The command builder executes a user-defined command in order to produce the desired target file based on the provided source files.

CFile

env.CFile(target, source)
# Example
env.CFile("parser.c", "parser.y")

The CFile builder will generate a C or C++ source file from a lex (.l, .ll) or yacc (.y, .yy) input file.

Disassemble

env.Disassemble(target, source)
# Example
env.Disassemble("module.dis", "module.o")

The Disassemble builder generates a disassembly listing using objdump from and object file.

Library

env.Library(target, sources)
# Example
env.Library("lib.a", Dir["src/**/*.c"])

The Library builder creates a static library archive from the given source files.

Object

env.Object(target, sources)
# Example
env.Object("module.o", "module.c")

The Object builder compiles the given sources to an object file.

Preprocess

env.Preprocess(target, source)
# Example
env.Preprocess("module-preprocessed.cc", "module.cc")

The Preprocess builder invokes either ${CC} or ${CXX} (depending on if the source contains an extension in ${CXXSUFFIX} or not) and writes the preprocessed output to the target file.

Program

env.Program(target, sources)
# Example
env.Program("myprog", Dir["src/**/*.cc"])

The Program builder compiles and links the given sources to an executable file. Object files or source files can be given as sources.

Managing Environments

An Rscons::Environment consists of:

  • a collection of construction variables
  • a collection of builders
  • a mapping of build directories from source directories
  • a default build root to apply if no build directories are matched
  • a collection of targets to build
  • a collection of build hooks

When cloning an environment, by default the construction variables and builders are cloned, but the new environment does not inherit any of the targets, build hooks, build directories, or the build root from the source environment.

The set of environment attributes that are cloned is controllable via the :clone option to the #clone method.

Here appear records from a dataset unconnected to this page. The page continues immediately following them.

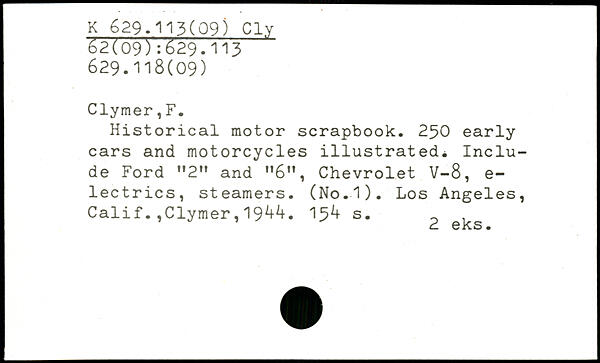 Historical motor scrapbook. 250 early cars and motorcycles illustrated. Include Ford ,f2M and "6", Chevrolet V-8, e-lectrics, steamers. (No.1). Los Angeles, CalifClymer,19^^. 15^ s. 6KS.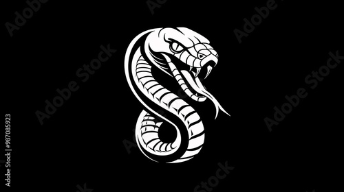 © VicPhoto, Fototapeta premium Fierce cobra logo design with fangs on black background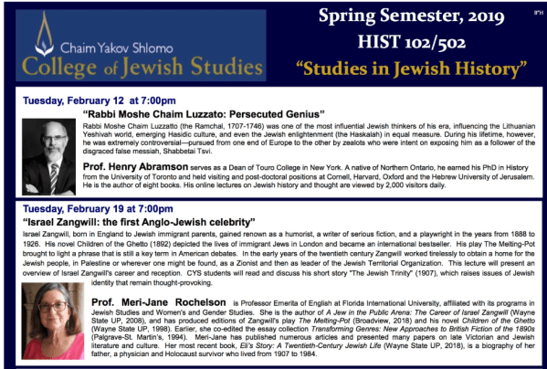Really excited to be starting the Spring Semester of Jewish History Lectures next week–it’s going to be a busy February, but I’m certainly looking forward to speaking with you about these fascinating topics! Here’s a quick list of what, where, and when. Unfortunately not all of these lectures will be available on video, so please come in person if you can! Just one thing: no hard questions, please.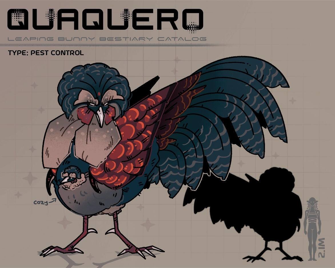 They're known to be a bit on the moodier side and will create nests that, when tampered with, can cause them to react with extreme violence. The disrupting Alpheans might lose a few hands. Their eggs, at least the size of an average Alphean hand, are used in most Xuxian cuisine and are a deep shade of red with an even redder yolk. They're rich in protein and extremely delicious. As long as the nesting Quaquero are offered something shiny, the hens will allow the house owners to take them.

For example, env.clone(clone: :all) will include construction variables, builders, build hooks, build directories, and the build root.

The set of pending targets is never cloned.

Cloned environments contain "deep copies" of construction variables. For example, in:

base_env = Rscons::Environment.new
base_env["CPPPATH"] = ["one", "two"]
cloned_env = base_env.clone
cloned_env["CPPPATH"] << "three"

base_env["CPPPATH"] will not include "three".

Build Hooks

Environments can have build hooks which are added with env.add_build_hook(). Build hooks are invoked immediately before a builder executes. Build hooks can modify the construction variables in use for the build operation. They can also register new build targets.

Environments can also have post-build hooks added with env.add_post_build_hook(). Post-build hooks are only invoked if the build operation was a success. Post-build hooks can invoke commands using the newly-built files, or register new build targets.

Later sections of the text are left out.